出されたばかりの精液を舌で舐め取る。そのまま舌先で先端を転がせば、聞いたこともないような甘く掠れた声が漏れた。

「ん……っ、や、ば……」

おれの前で、おれのせいで乱れる姿にとんでもなく興奮する。
口の中に含んで、ゆっくり舌で撫でながら吸い上げると、伊吹が堪えきれず声を上げた。

「ッぁ"……や、ばい、志摩、、っ」

構わず奥まで咥えて、唇で根元を包み、舌で裏筋をなぞる。すると、伊吹の指が俺の髪をぐしゃぐしゃに掴んで、無意識に腰を押しつけてきた。

「ごめ、も、むり……っ」

瞬間、口の中に熱いものが溢れた。
決して美味しくないのに全部飲み込んで、名残惜しそうに舌を這わせると、伊吹は肩で息をしながらおれを見下ろしてくる。

「何してんの」
「わかんない」
「わかんないって何」
「わかんないんだよ、おまえのあんな姿見たら欲しくてしかたなかっただけ」
「…ねぇ、それ好きってこと?」

そう問われてやっと腑に落ちた。
そうか、おれは伊吹が好きなのだ。

「志摩、俺のこと好き?」

疑問形で聞きながらもほとんど確信しているのか、そのまま押し倒される。
おれの服を慎重に脱がせながら、唇を何度も何度も重ねてきた。

「志摩、好きだよ。

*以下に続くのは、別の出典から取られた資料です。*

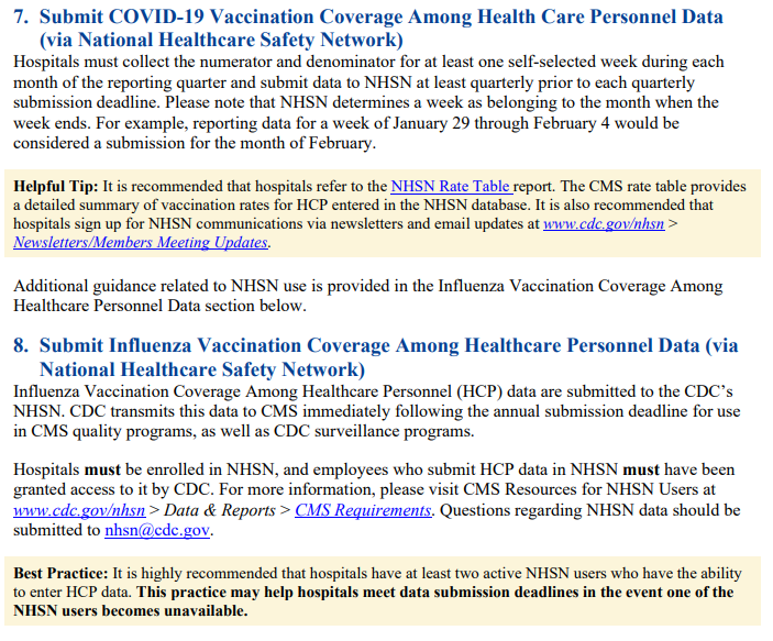 This program is the reason why I had to quit my job in 2021. It is the reason why healthcare workers have been mandated to get vaccines as a condition of employment for over a decade. The policy comes from Medicare. It is not the hospital’s making the policy on their own. Any health care entity that is billing to Medicare is subject to this vaccination incentive policy. The policy still stands. I just checked and the VBP program is still in effect. Under this policy, any health care entity that is part of Medicare or Medicaid, must report flu and COVID-19 vaccination status for employees as a condition of payment. The vaccination status of children is also tracked through the Medicaid and CHIP programs. Providers in the program are incentivized to report vaccinations and vaccine status in the same way.

ずっと、好きだった」

耳元で囁かれる声に胸が詰まる。
声にならないまま涙が滲んで、伊吹の首に腕を回した。

「…いいよ、おれは」

おれの言葉を合図に、伊吹の手が下着越しに俺のそこを撫でて唇が首筋を吸う。
そのまま体中を舐められて、甘い痺れが走った。

「んっ…ぁ…すき、おれも、いぶき、すき」
「かわい、しま、しぃま…ふふ、だぁいすき」

その夜、お互いに名前を呼び合いながら何度も何度も身体を重ねた。
これまでの想いを全部ぶつけるみたいな時間は、ふたりをやわらかく満たし、ひとつに溶け合わせていった。